- **Collected material**
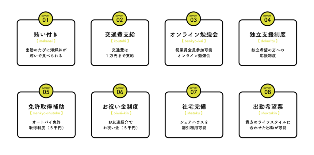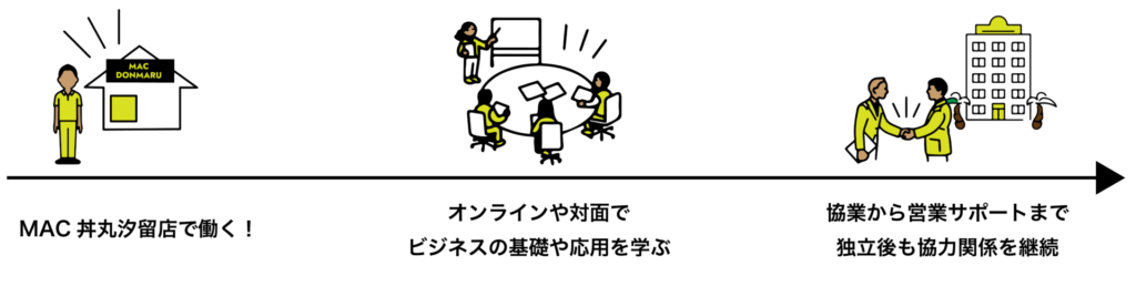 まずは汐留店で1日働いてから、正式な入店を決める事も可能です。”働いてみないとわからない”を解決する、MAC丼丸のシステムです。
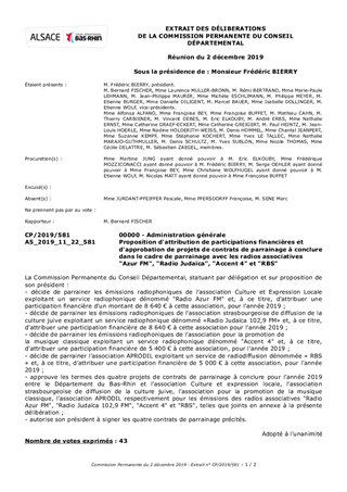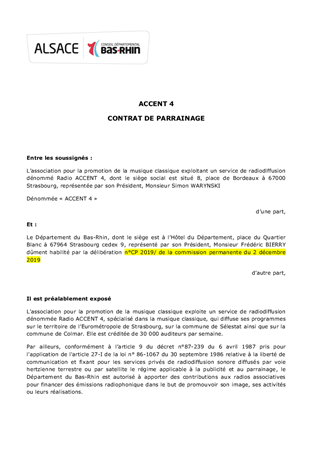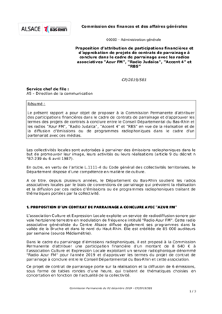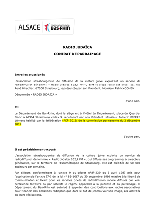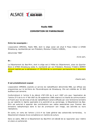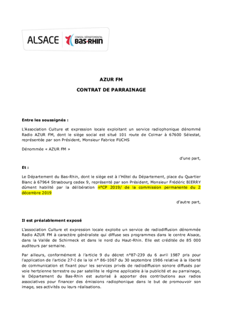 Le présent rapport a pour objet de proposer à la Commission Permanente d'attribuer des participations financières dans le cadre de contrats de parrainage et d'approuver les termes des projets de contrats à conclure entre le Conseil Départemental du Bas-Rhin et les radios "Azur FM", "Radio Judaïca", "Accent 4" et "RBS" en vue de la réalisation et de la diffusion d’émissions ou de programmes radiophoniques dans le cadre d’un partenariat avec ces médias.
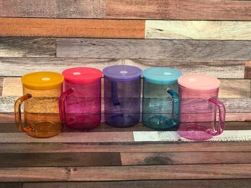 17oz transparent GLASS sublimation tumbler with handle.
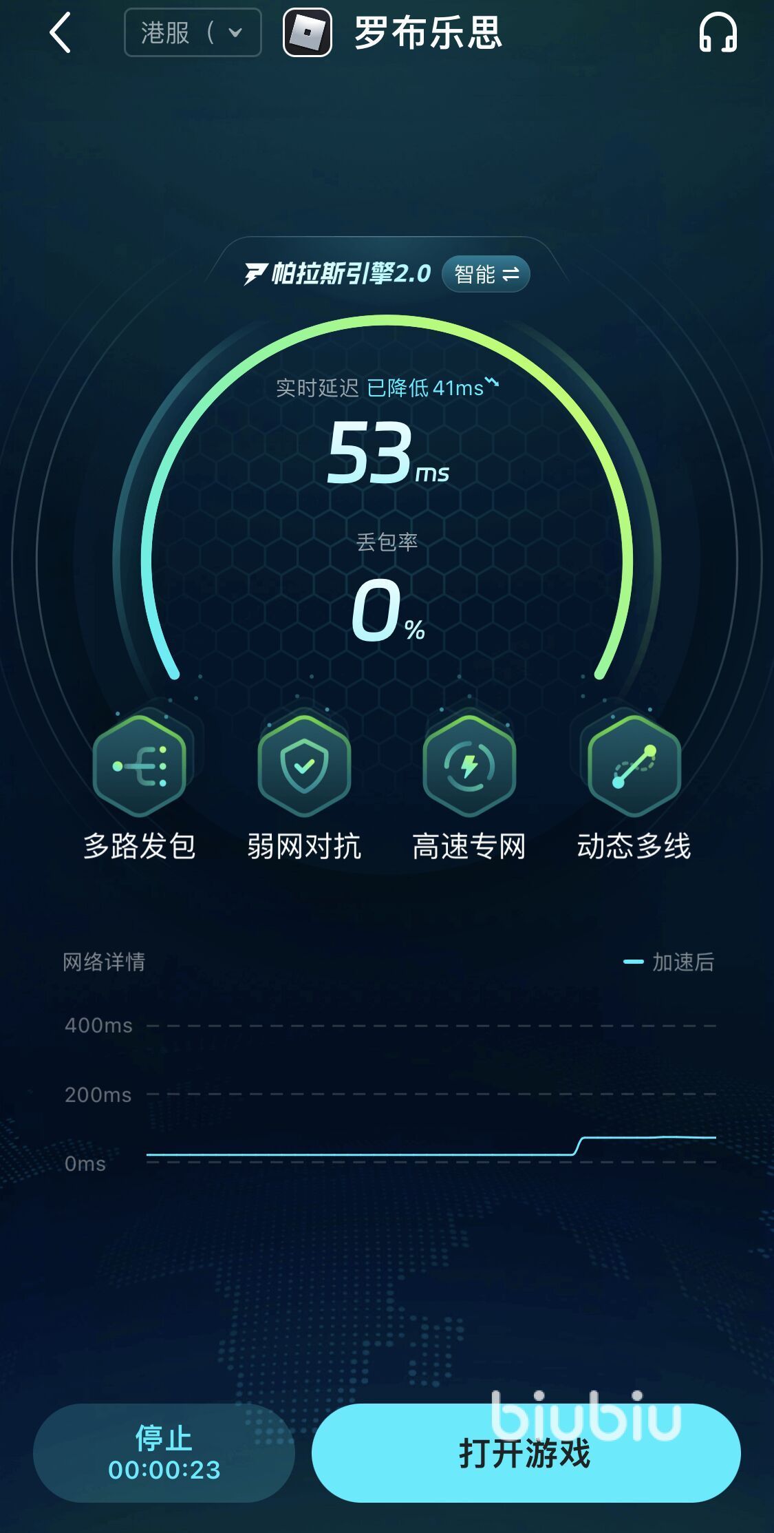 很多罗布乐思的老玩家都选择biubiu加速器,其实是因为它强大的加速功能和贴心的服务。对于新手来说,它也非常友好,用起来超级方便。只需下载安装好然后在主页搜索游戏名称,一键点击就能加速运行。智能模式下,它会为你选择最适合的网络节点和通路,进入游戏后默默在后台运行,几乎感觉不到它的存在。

- **Problem**
Print the data word for word and omit the pictures.

- **Problem solution**
 まずは汐留店で1日働いてから、正式な入店を決める事も可能です。”働いてみないとわからない”を解決する、MAC丼丸のシステムです。
 Le présent rapport a pour objet de proposer à la Commission Permanente d'attribuer des participations financières dans le cadre de contrats de parrainage et d'approuver les termes des projets de contrats à conclure entre le Conseil Départemental du Bas-Rhin et les radios "Azur FM", "Radio Judaïca", "Accent 4" et "RBS" en vue de la réalisation et de la diffusion d’émissions ou de programmes radiophoniques dans le cadre d’un partenariat avec ces médias.
 17oz transparent GLASS sublimation tumbler with handle.
 很多罗布乐思的老玩家都选择biubiu加速器,其实是因为它强大的加速功能和贴心的服务。对于新手来说,它也非常友好,用起来超级方便。只需下载安装好然后在主页搜索游戏名称,一键点击就能加速运行。智能模式下,它会为你选择最适合的网络节点和通路,进入游戏后默默在后台运行,几乎感觉不到它的存在。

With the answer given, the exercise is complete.